PROBLEM REQUIREMENTS: Print exactly the lines from the one that contains "雅安交建集團(tuán)丹石" through the final line of the entries below, both included, and nothing else; omit the pictures.

DATA TO EXAMINE:
● ● ● ● ●

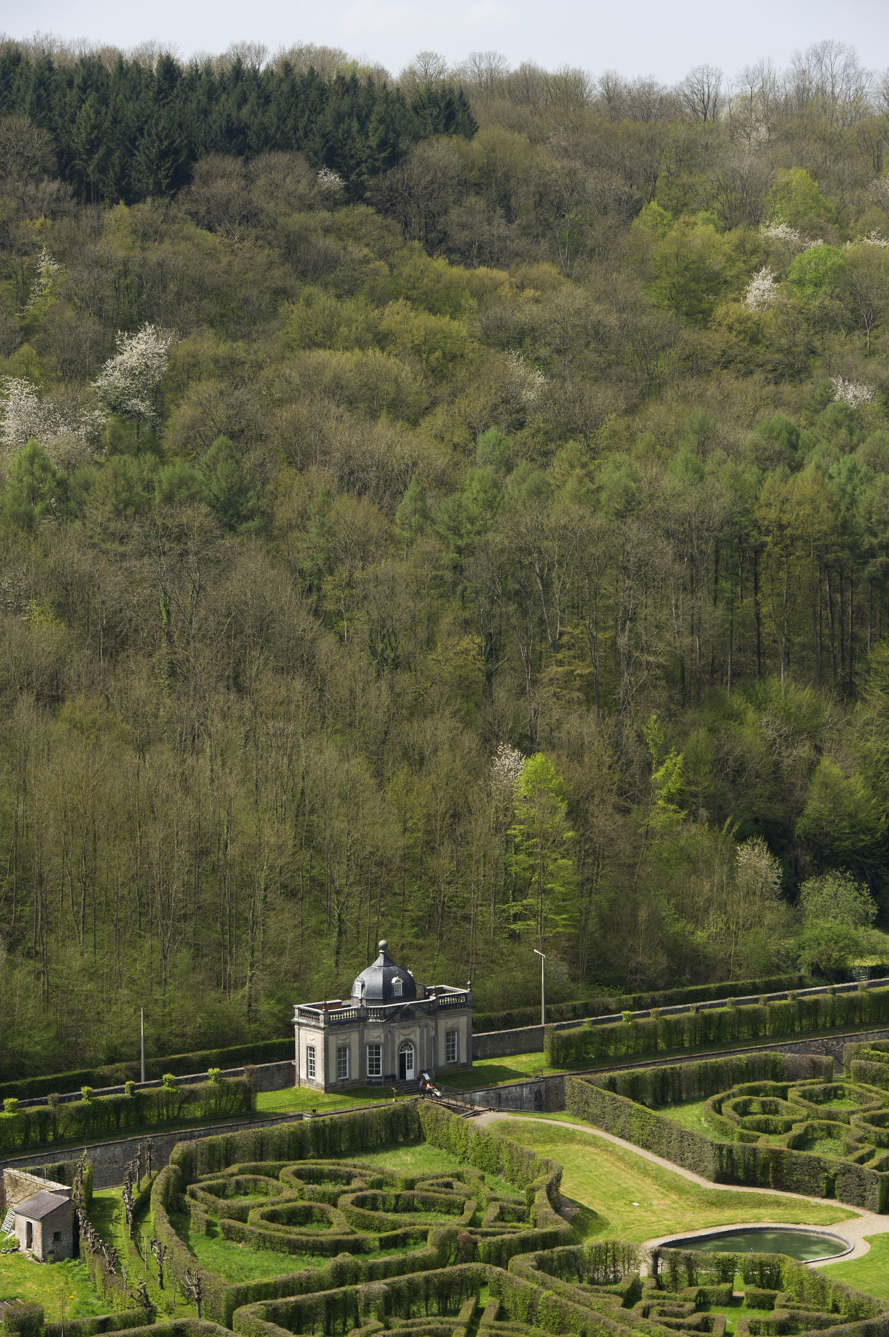 Le déboisement des flancs de la colline adjacente au domaine permettra le retour vers le pré-verger d’origine. Il offrira également un habitat favorable à deux espèces de chauves-souris en voie de disparition en Wallonie, ayant élu domicile dans les combles du château.
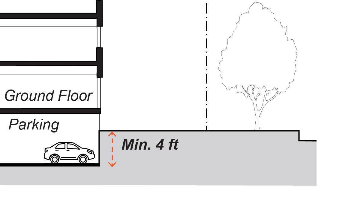 Designed such that the floor elevation is a minimum four vertical feet below the elevation of the adjacent sidewalk.
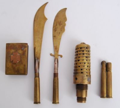 A collection of mostly WWI First World War Trench art and related pieces. To include a fuse, matchbox holder, letter openers, lighter. x5 items total. POSTAGE: Worldwide postage / delivery available on all items. Combined postage available; UK £15.99+VAT, Ireland from £19.99+VAT, Europe from £19.99+VAT, USA / Canada from £30+VAT. Any other destinations please get in touch for a quote; info@eastbristol.co.uk. All quotes dependant upon location. Prices are per parcel (not per item).
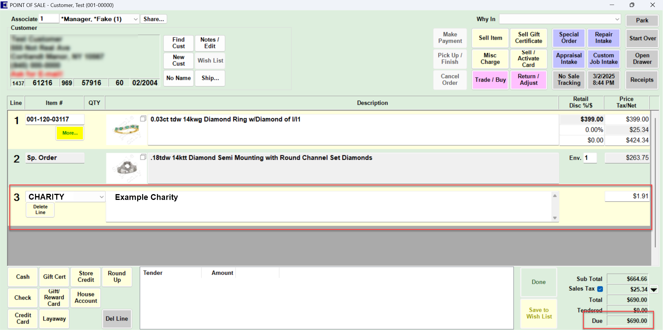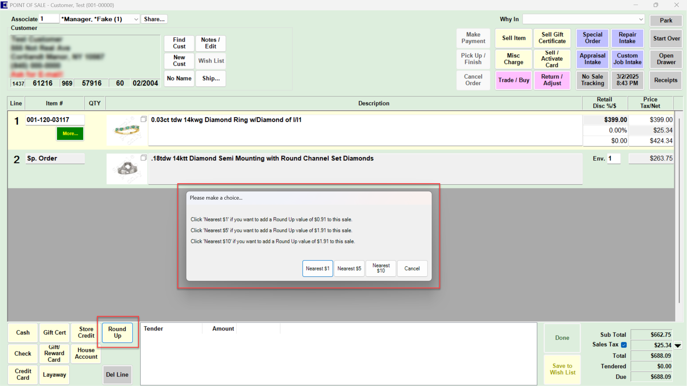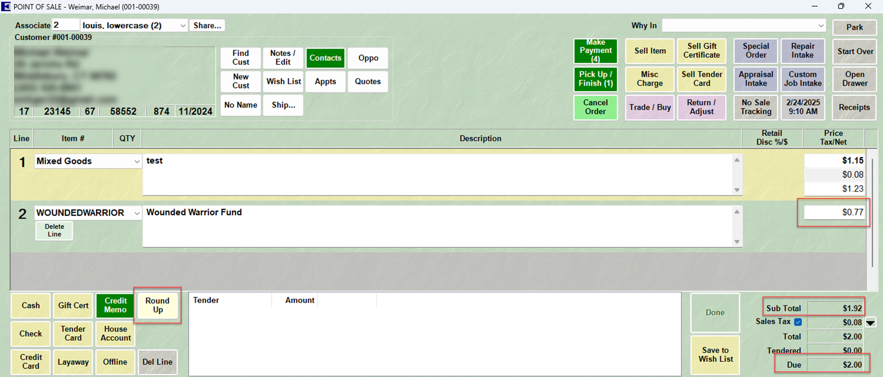 Using the Round Up button at POS works just like any other sale at POS. First, you will find the customer and select the associate, as normal, then begin your transaction by adding your desired salelines.
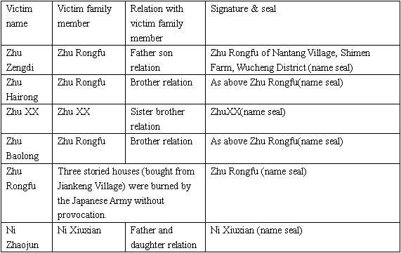 This signature form is the 19h batch of households whose victims were killed by the Japanese Army and whose houses were burned by the Japanese Army.
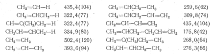 Ниже приведены значения энергий [в кДж/моль (ккал/моль) ] разрыва одинарных* связей в молекулах олефинов и диенов [8, с.15; 10]:
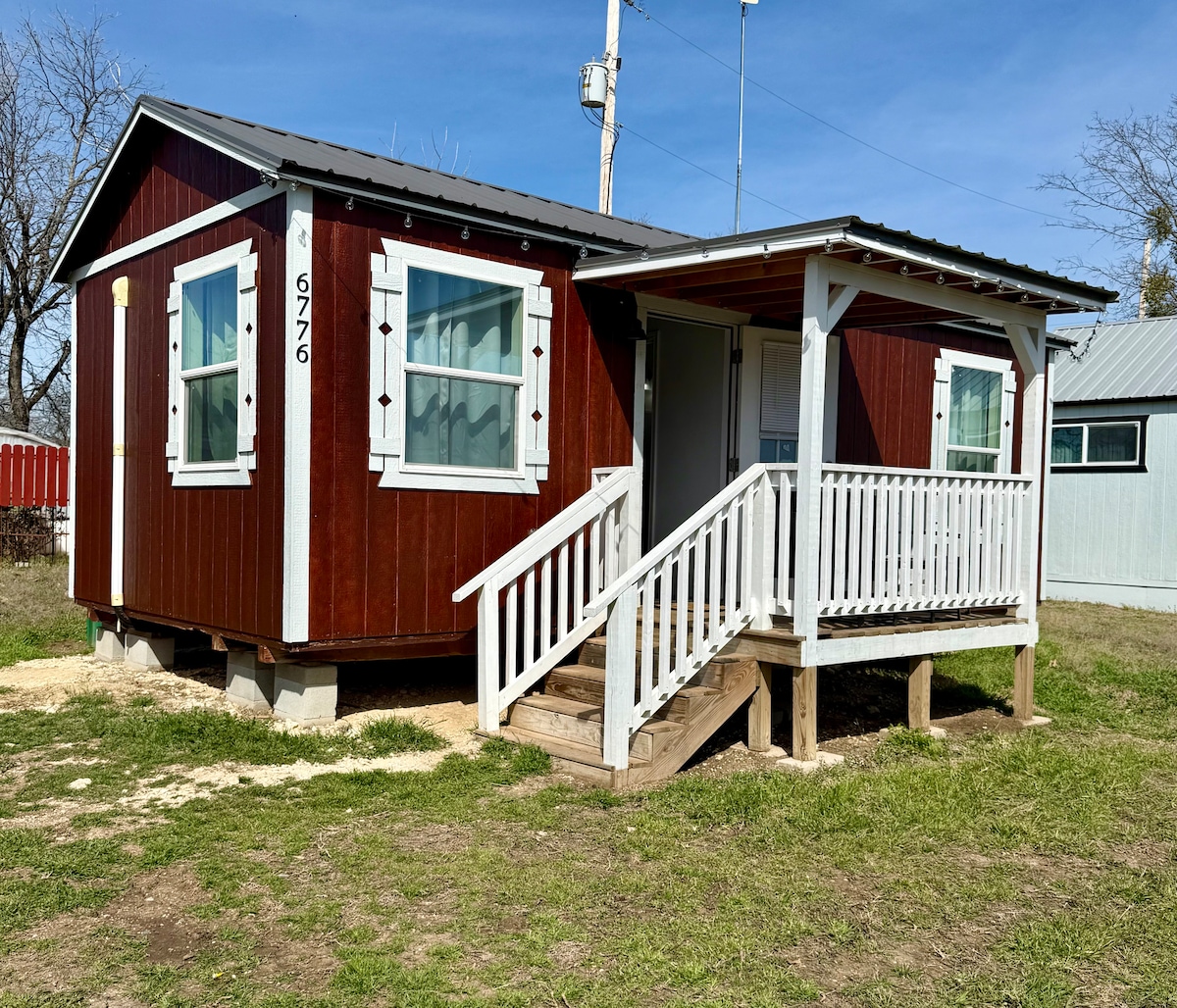 Broneeri romantiline majake kahele ja põgene linna kära eest. Meie mullivann ja dušš on piisavalt suured kahele ja ära unusta külastada meie mullivanni oma lehtlaga. Meil on ka verandal rippuv päevavoodi; see sobib ideaalselt sinu lemmikinimesega kallistamiseks. Saadaval on terve kööginurk või saad külastada fantastilisi restorane, mis on vaid mõne minuti kaugusel. Me asume Glen Rose 'i ja Granbury vahel ning läheduses on palju teha.
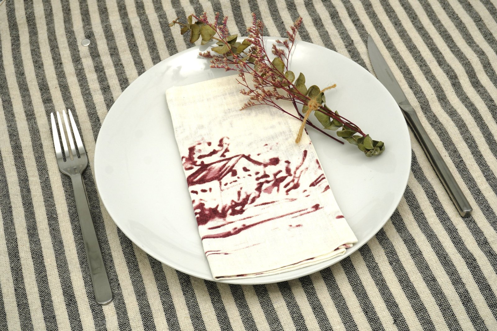 Las servilletas están confeccionadas en lino suave y resistente, perfectas para el uso diario o para vestir la mesa en ocasiones especiales con un toque de identidad y diseño local. Su textura natural y su motivo ilustrado hacen que cada pieza sea funcional y decorativa a la vez.
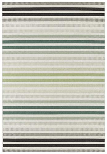 NORTHRUGS Indoor and Outdoor Rug 80 x 150 cm - Weatherproof Modern Striped Design Line Pattern Runner Patio Rug Balcony Rug Kitchen Runner Bath Rug Living Room Rug Waterproof in Green Cream
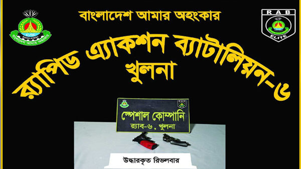 র্যাব-৬ খুলনার রূপসা থানা এলাকায় বিশেষ অভিযান চালিয়ে পরিত্যক্ত অবস্থায় দুইটি রিভলবার উদ্ধার করেছে। র্যাবের প্রেস বিজ্ঞপ্তিতে বুধবার (২৭ জানুয়ারি) এ তথ্য জানানো হয়। প্রেস বিজ্ঞপ্তি অনুযায়ী, গোপন সংবাদের ভিত্তিতে
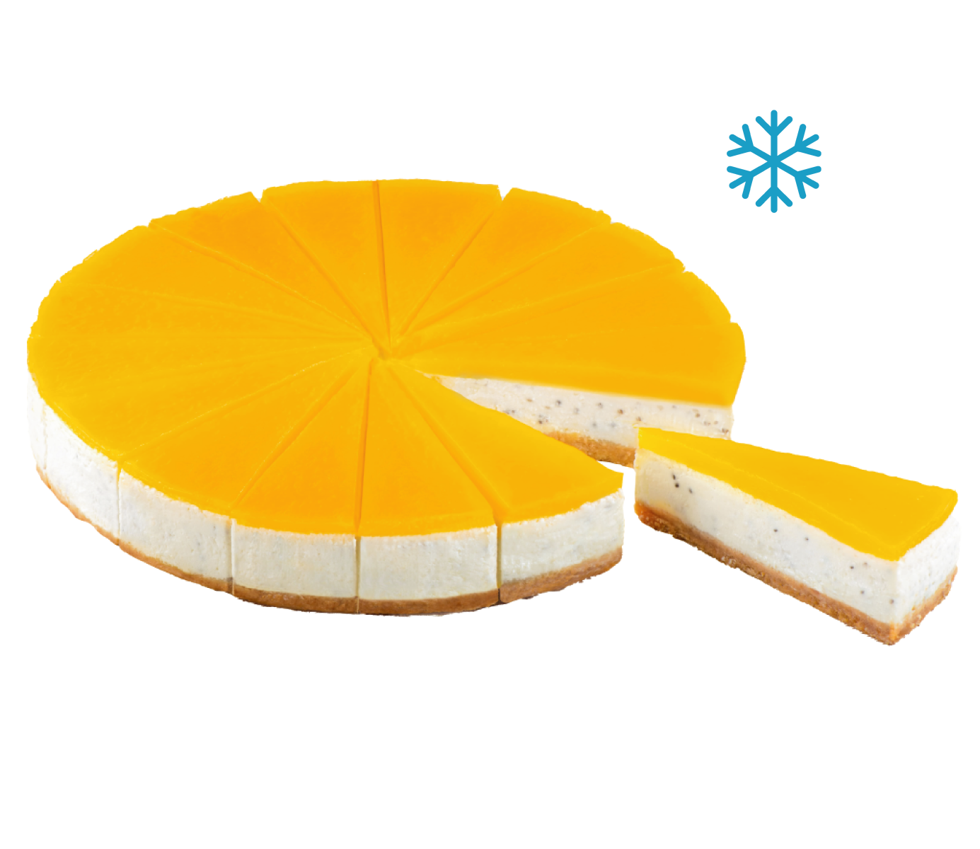 Оригинальный чизкейк с семенами чиа, на основе натурального сливочного сыра и рассыпчатого сахарного печенья, с верхним слоем из пюре манго.
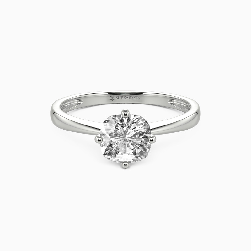 This brilliant Cushion cut solitaire features clean, finest lines and exquisitely tapered shoulders arching toward the center stone. With this solitaire design, you will forever be in that shine state of mind.
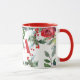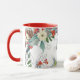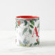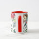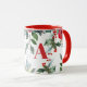 Trendy schicke botanische wintersaisonale xmas Aquarellkaffee Tasse mit roten Bordeaux- und Salbeigrändern von Kiefernfüßen, Heiligenholz, Beeren, Grünpflanzen auf weißem Hintergrund und einer eleganten, hellroten Schriftzeichen Familie Monogram / Name Initial. ++++++++++++++ Einfach mit Ihrem Buchstaben personalisieren! +++++++++++++ könnte für jeden ein niedliches Geschenk sein!
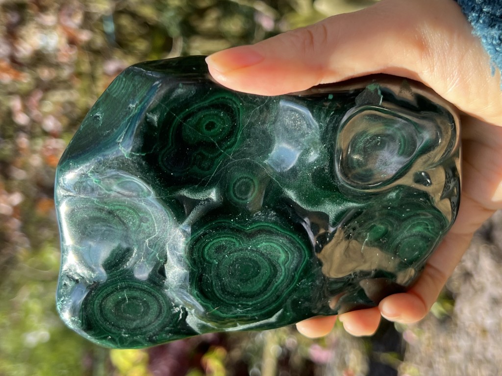 Malachite specimen Crystal weighing 1007g and measuring 150:110:30mm polished front. Beautiful, deep, swirling patterns within malachite, lovely biotrydal patterning within the crystal. Healing Stone for the Heart Chakra : Protection / Transformation / Emotional Healing A very powerful stone, malachite magnifies both positive and negative energies and is an important protection stone. Placed on the heart it brings balance and harmony and opens the heart to unconditional love. Malachite is a stone of transformation and encourages risk taking and adventure. It releases our inhibitions and helps with shyness and supports friendships. Placed on the solar plexus it can promote deep emotional healing. It stimulates dreams and memories. Malachite must only be used with the indirect method when preparing an elixir.
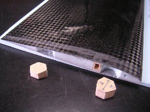 ハードポイントを作ります。 今回はバルサをベースに上端と下端は2ミリ航空ベニアを貼り付けて強化しました。 |
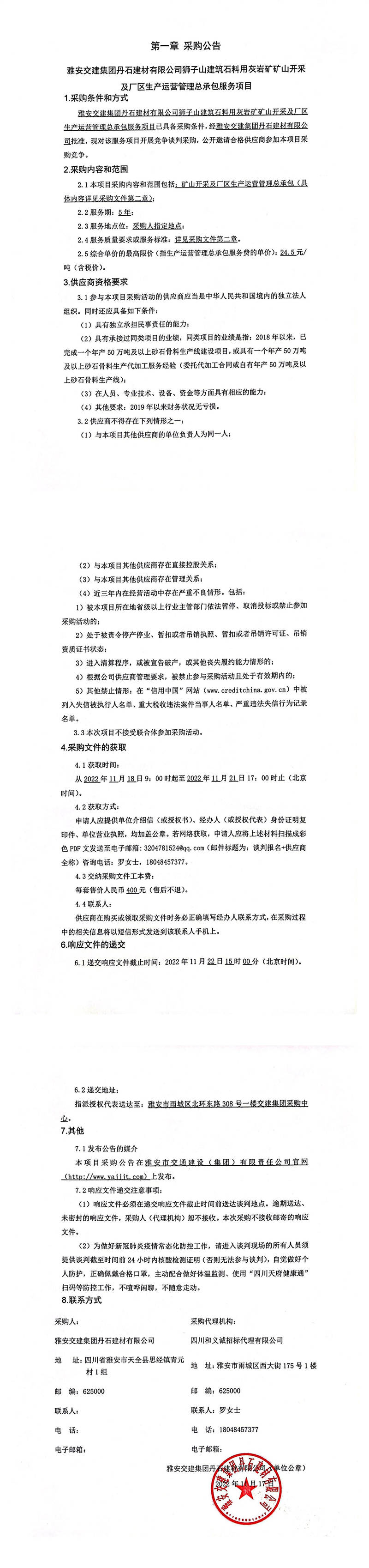 雅安交建集團(tuán)丹石建材有限公司獅子山建筑石料用灰?guī)r礦礦山開(kāi)采及廠區(qū)生產(chǎn)運(yùn)營(yíng)管理總承包服務(wù)項(xiàng)目采購(gòu)公告
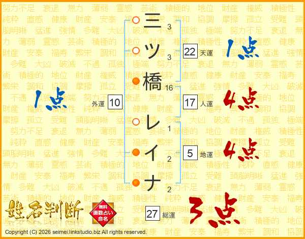 生活面を象徴する運勢です。外部から受ける影響力を表し、結婚運、家庭運や職場、環境への順応性を表します。総運から人運を引いた画数。姓や名が1文字の場合を除く。
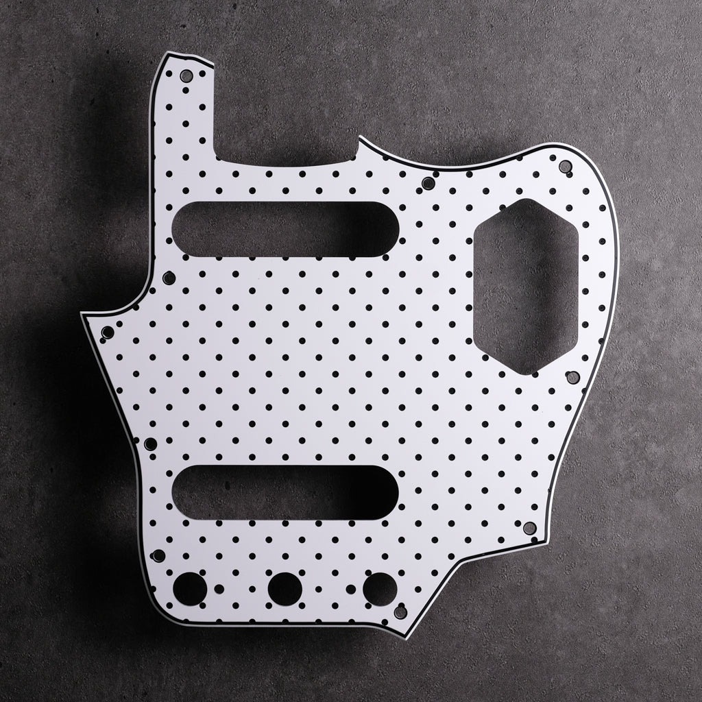 Jaguar pickguard cut by CNC for a precise fit, engraved with our original Four Thousand Holes design in Black/White/Black acrylic.
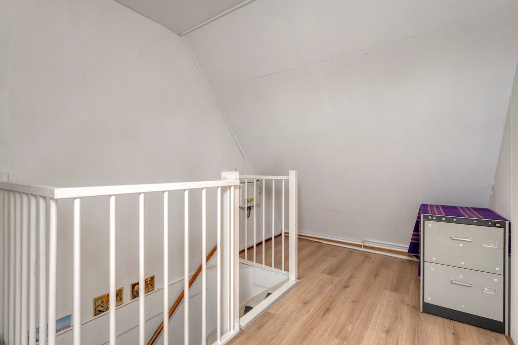 Via een vaste trap bereik je de tweede verdieping. Op de overloop bevindt zich de witgoedaansluiting en is er toegang tot een extra slaap- of werkkamer. Achter de knieschotten is bovendien praktische bergruimte aanwezig.

● ● ● ● ●

EXPECTED ANSWER:
 雅安交建集團(tuán)丹石建材有限公司獅子山建筑石料用灰?guī)r礦礦山開(kāi)采及廠區(qū)生產(chǎn)運(yùn)營(yíng)管理總承包服務(wù)項(xiàng)目采購(gòu)公告
 生活面を象徴する運勢です。外部から受ける影響力を表し、結婚運、家庭運や職場、環境への順応性を表します。総運から人運を引いた画数。姓や名が1文字の場合を除く。
 Jaguar pickguard cut by CNC for a precise fit, engraved with our original Four Thousand Holes design in Black/White/Black acrylic.
 Via een vaste trap bereik je de tweede verdieping. Op de overloop bevindt zich de witgoedaansluiting en is er toegang tot een extra slaap- of werkkamer. Achter de knieschotten is bovendien praktische bergruimte aanwezig.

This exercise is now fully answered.